Enam bulan kemudian, Eddie diajak untuk bekerjasama dengan Dora Skirth (Jenny Slate), seorang karyawan Life Foundation yang cemas dengan eksperimen yang dilakukan oleh Drake. Skirth menjelaskan bahwa selama ini Drake tengah menjalankan eksperimen untuk menyatukan symbiote (organisme yang didapatkan dari misi luar angkasa Life Foundation yang diceritakan di awal film) dengan manusia. Eksperimen ini melibatkan para tunawisma di San Francisco, yang kebanyakan selalu gagal dan berakhir dengan kematian si kelinci percobaan. Ketika Eddie menyelinap masuk ke dalam Life Foundation, ia tidak sengaja terkena symbiote sewaktu berusaha untuk menyelamatkan tunawisma yang ia kenal. Symbiote inilah yang nantinya akan menjadi Venom bersama Eddie.

from imdb.com
Membaca beberapa review yang berseliweran di Internet, banyak yang bilang kalau proses build-up menuju bersatunya Eddie dan si symbiote agak lamban. Namun bagi saya, porsinya cukup pas, karena begitu Eddie sudah terpapar symbiote, tensi dan pace film langsung naik. Kita langsung disuguhi banyak adegan action seperti kejar-kejaran dan baku hantam antara Eddie dan para pria suruhan Drake.
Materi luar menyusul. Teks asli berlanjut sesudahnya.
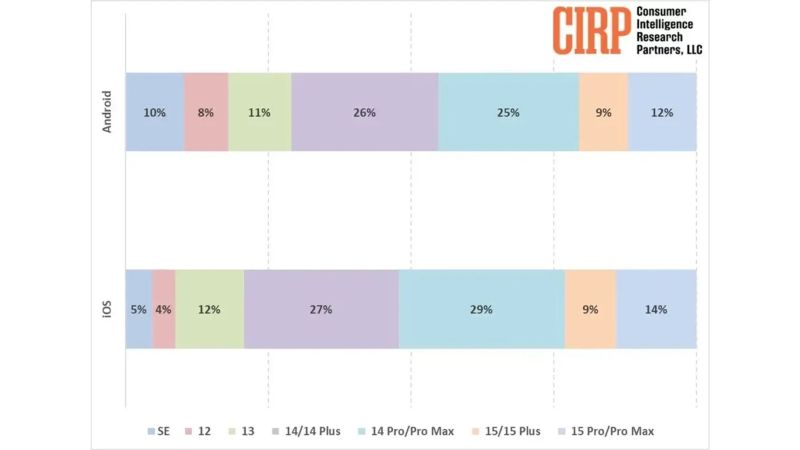 Tuy nhiên, trái ngược với người dùng iPhone hiện tại, những người sử dụng iPhone khi nâng cấp thường ưa chuộng các mẫu điện thoại mới nhất (chỉ 21% chọn các mẫu cũ hơn). Ngược lại, một phần đáng kể (29%) người chuyển đổi từ Android bị thu hút bởi iPhone SE 3, 12 hoặc 13 (bao gồm cả phiên bản mini). Điều này cho thấy, người dùng chuyển từ Android sang iPhone có xu hướng sở hữu những chiếc điện thoại đời cũ hơn thay vì các sản phẩm mới ra mắt. Mặc dù điều này có vẻ là tin tốt cho Apple, nhưng theo CIRP, tỷ lệ người chuyển đổi Android cao hơn có thể là một yếu tố khiến doanh số iPhone 15 trở nên tương đối yếu trong năm nay. Lý do là người dùng Android quan tâm nhất đến một hệ điều hành mới và thiết bị mới với mức giá cạnh tranh, nhưng họ không cần phiên bản mới nhất và tuyệt vời nhất từ Apple.
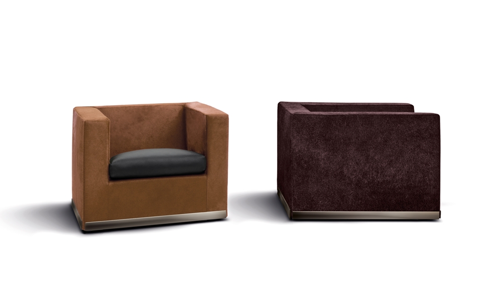 When ordering, specify the seat cushion cover according to the combinations shown below: - with a crocodile embossed leather structure, the seat cushion will always be made in Lodge or Nabuk leather; - with the structure cover in Pony Look, Zebra Look or Pony Cenere, the seat cushion will always be made in Aspen or Lodge leather. The “Brandy” finish, developed by Minotti Studio and distributed exclusively, is obtained from an extremely high quality craftmanship that highlights the polished brushing of the aluminium including possible natural shades that make each piece unique.
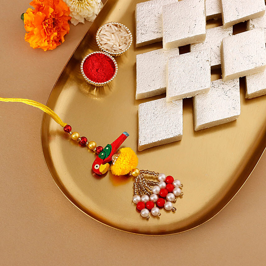 • Decorated with a beautiful parrot, this bright Lumba rakhi will fill the heart with joy. Enhance the festive mood with the hanging tassel of colourful beads on the lumba. The added delicious kaju katli will sweeten-up the auspicious occasion.
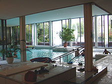チューリッヒ空港の地下駅からバーゼル行きのICで約25分。バーデン駅から徒歩10分にある温泉プール「ThermalBaden」は長い飛行機での疲れを癒してくれます。
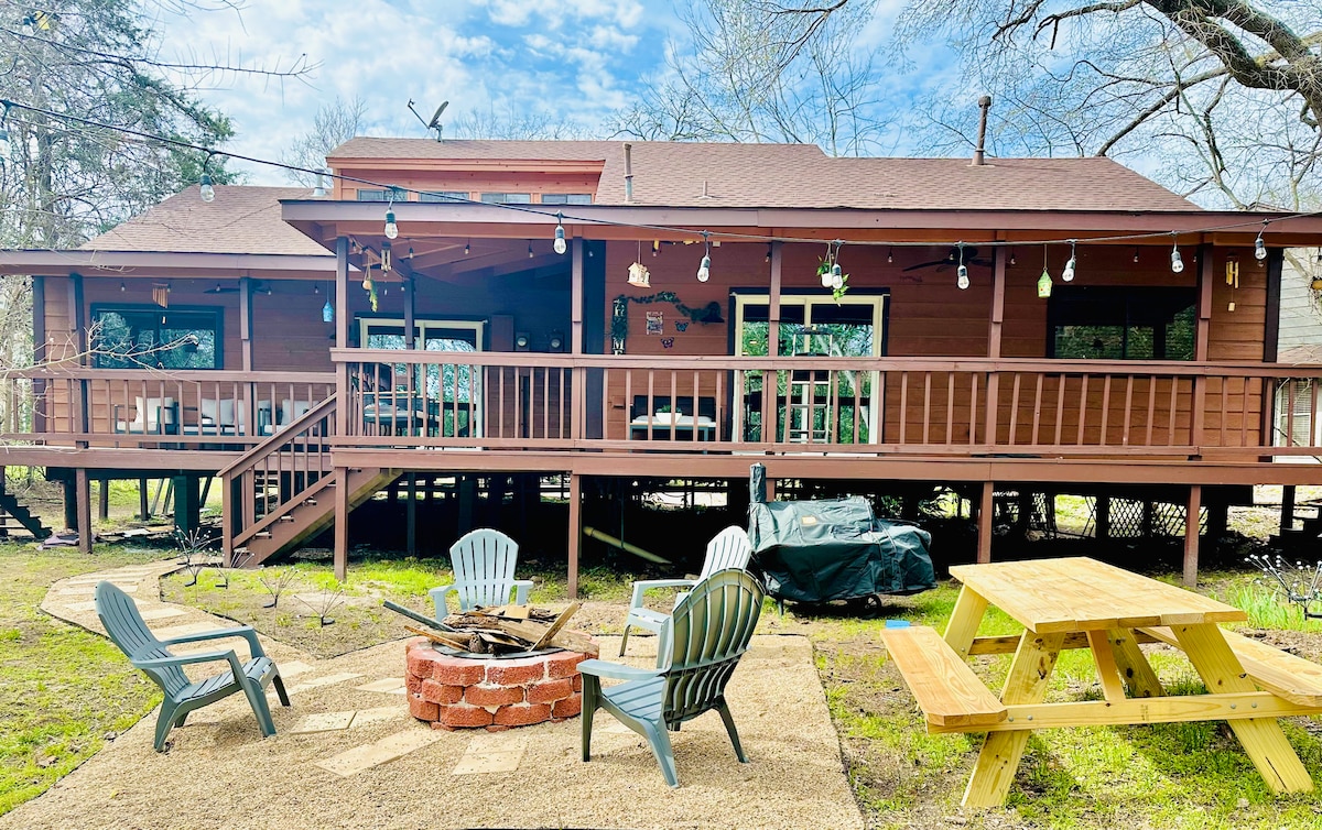 SERENE COZY CABIN nestled in the heart of Bryan, TX. Located just 10 minutes from Kyle Field. This rustic decorated 1800 sqft cabin, with the modern amenities of home, has everything you need for your perfect getaway. You can sit back and enjoy the view of the trees and small creek while sipping your morning coffee or relax with a glass of wine on the expansive back porch.
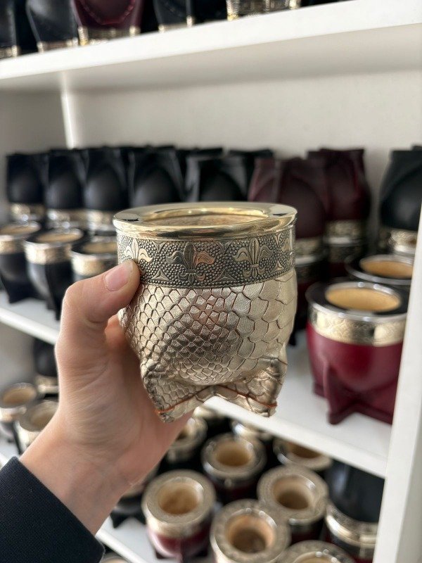 Su delicada costura artesanal y su virola de alpaca imponente le dan ese toque de distinción que lo convierte en una pieza única. Ideal para quienes disfrutan del buen mate con estilo y personalidad.
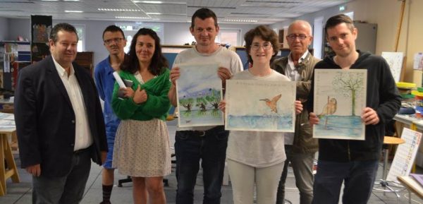 Le Lions club de Saint-Amand poursuit son objectif d’encourager la pratique artistique locale ! Dans le cadre du concours d’affiches de l’environnement, six œuvres ont été réalisées par les usagers de l’Apei (Association de parents d’enfants inadaptés) de Saint-Amand membres de l’atelier d’art encadré par Ludivine Barbault sur le thème « Là où il y a de l’eau, il y a de la vie ». Âgée de 45 ans, Marie-Neige Suarez est la grande gagnante : son affiche, mêlant aquarelle et crayon sur du papier carbone, est arrivée en tête au niveau du district avec 100 points. N’étant pas présente à l’atelier le 12 juillet, jour de la remise des prix, Éric Lecland et Thomas Borghol lui ont transmis de vives félicitations au nom du club service. Des chèques-cadeaux d’une valeur de 100€ reviendront à la lauréate pour son travail et son talent. Une carte-cadeau de 50€ a par ailleurs été remise à Ludivine Barbault pour récompenser, à titre collectif, l’atelier de pratique artistique de l’Apei. « La plupart des affiches ont été réalisées à quatre mains, précise l’animatrice de l’atelier, elles se construisent de concert. » Claude, 48 ans, a participé au concours, de même que Sébastien, 32 ans : « l’atelier me détend et m’inspire pour l’avenir », confie le jeune homme. Pour l’édition 2024-2025 du concours, le thème portera sur « Les oiseaux unissent le monde ».
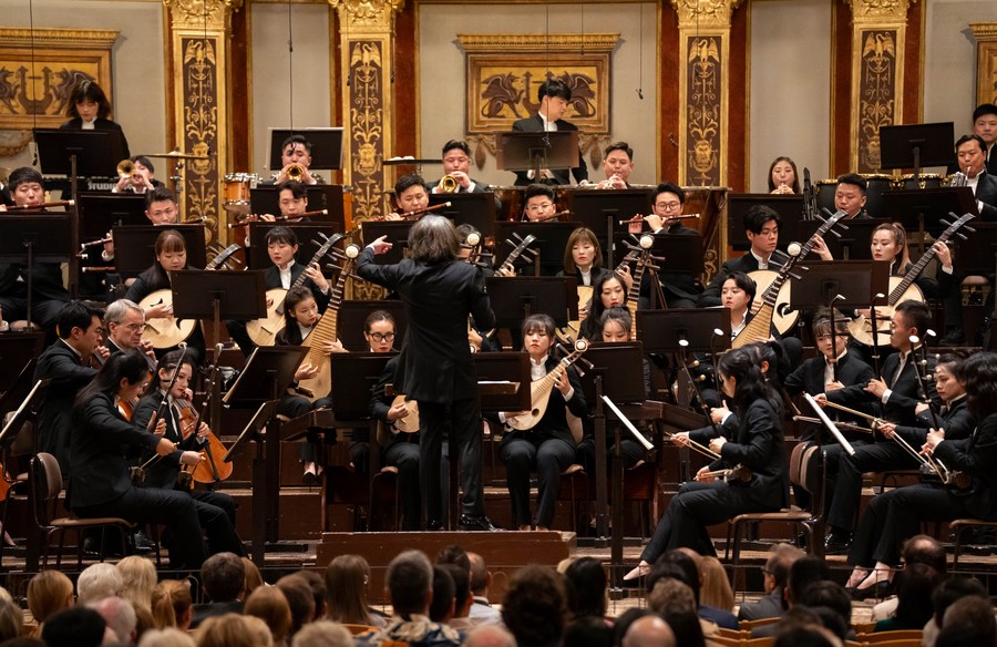 This photo taken on Sept. 25, 2023 shows a Chinese orchestral works concert performed by Suzhou Chinese Orchestra at the Golden Hall of the Wiener Musikverein in Vienna, Austria. (Suzhou Chinese Orchestra/Handout via Xinhua)

Di sisi lain, menurut saya entah kenapa adegan fighting yang ada di film ini kurang satisfying. Mungkin karena pergantian kamera yang begitu cepat atau transisi gambar yang kurang smooth, yang kadang bikin saya agak pusing karena merasa tidak bisa menangkap apa yang terjadi. Untuk tingkat kebrutalan film ini sendiri, well... memang tidak begitu berdarah-darah dan eksplisit seperti Deadpool (2016) atau Logan (2017), karena rating film ini sendiri yang PG-13, tidak seperti ekspektasi awal orang-orang yang mengharapkan Venom diberi rating R agar adegan sadisnya maksimal. Jadi rasanya ada sesuatu yang agak “nanggung” dalam adegan-adegan action-nya, walaupun sebenarnya sudah lumayan. Untuk sinematografi dan tone dalam filmnya, bagi saya cukup nyaman di mata—but get ready for a lot of dark scenes because most of the scenes in the film happens at night.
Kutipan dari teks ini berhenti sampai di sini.